The reader is encouraged to consult the full-text guideline supplement for the supportive text, abbreviations list, and additional information on radiation therapy for cervical cancer because the executive summary contains limited information.

Key Questions and Recommendations.

Key Question 1: Postoperative RT with and without systemic therapy (Table 2)

See evidence tables in supplementary materials for the data supporting the recommendations for KQ1.

Following primary surgery for cervical cancer, when is it appropriate to deliver postoperative RT with or without systemic therapy?

Key Question 2: Definitive RT with and without systemic therapy; hysterectomy after RT (Table 3)

See evidence tables in supplementary materials for the data supporting the recommendations for KQ2 and Figure 1 for a visual representation of the cervical cancer recommendations.

When is it appropriate to deliver definitive RT with and without systemic therapy?
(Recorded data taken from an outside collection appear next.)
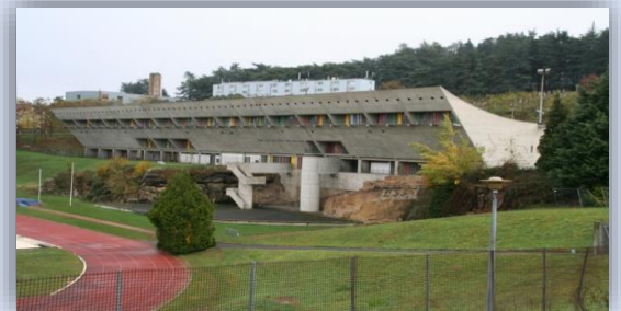
La Maison de la Culture
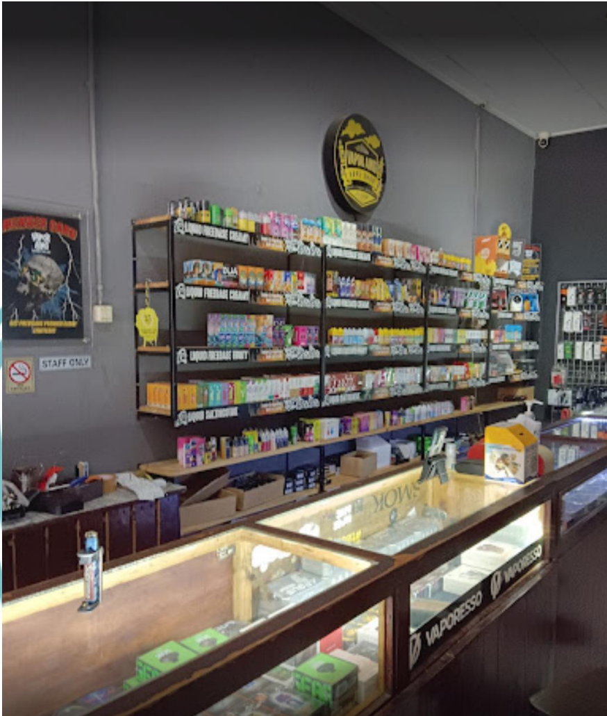
Stok Barang UMKM Vapor Aing
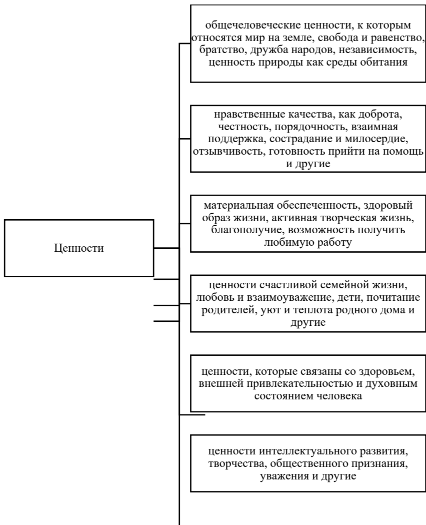
Рис. 3. Классификация ценностей по определению М.И. Шиловой

Понятия «добро – зло» обладают неизменно важным значением и могут варьироваться в зависимости от культурных и исторических контекстов, но при этом всегда отмечалось, что добро является духовно-нравственной категорией, ценностью, на основе которой необходимо строить свою жизнь, а зло – это безнравственная категория, которая не
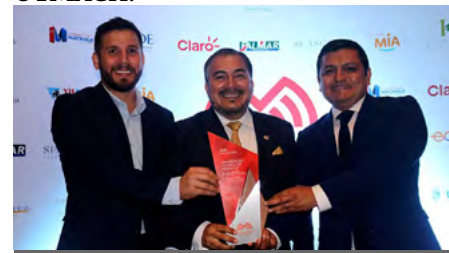
Docentes de la UTMACH participaron de evento Machala Empresarial.

When is it appropriate to perform a hysterectomy after RT for cervical cancer?

Key Question 3: Intensity modulated radiation therapy (Table 4)

See evidence tables in supplementary materials for the data supporting the recommendations for KQ3.

For patients receiving definitive or postoperative RT for cervical cancer, when is it appropriate to deliver IMRT?

Key Question 4: Brachytherapy (Table 5)

See evidence tables in supplementary materials for the data supporting the recommendations for KQ4.

For patients receiving definitive or postoperative RT for cervical cancer, when is brachytherapy indicated?

Key Question 5: Brachytherapy technique (Table 6)

See evidence tables in supplementary materials for the data supporting the recommendations for KQ5, and see Figure 3 for a visual representation of the recommendations for locally advanced cervical cancer.

For patients receiving definitive RT for cervical cancer, what is the optimal dose/fractionation schedule, imaging, and technique for the delivery of brachytherapy?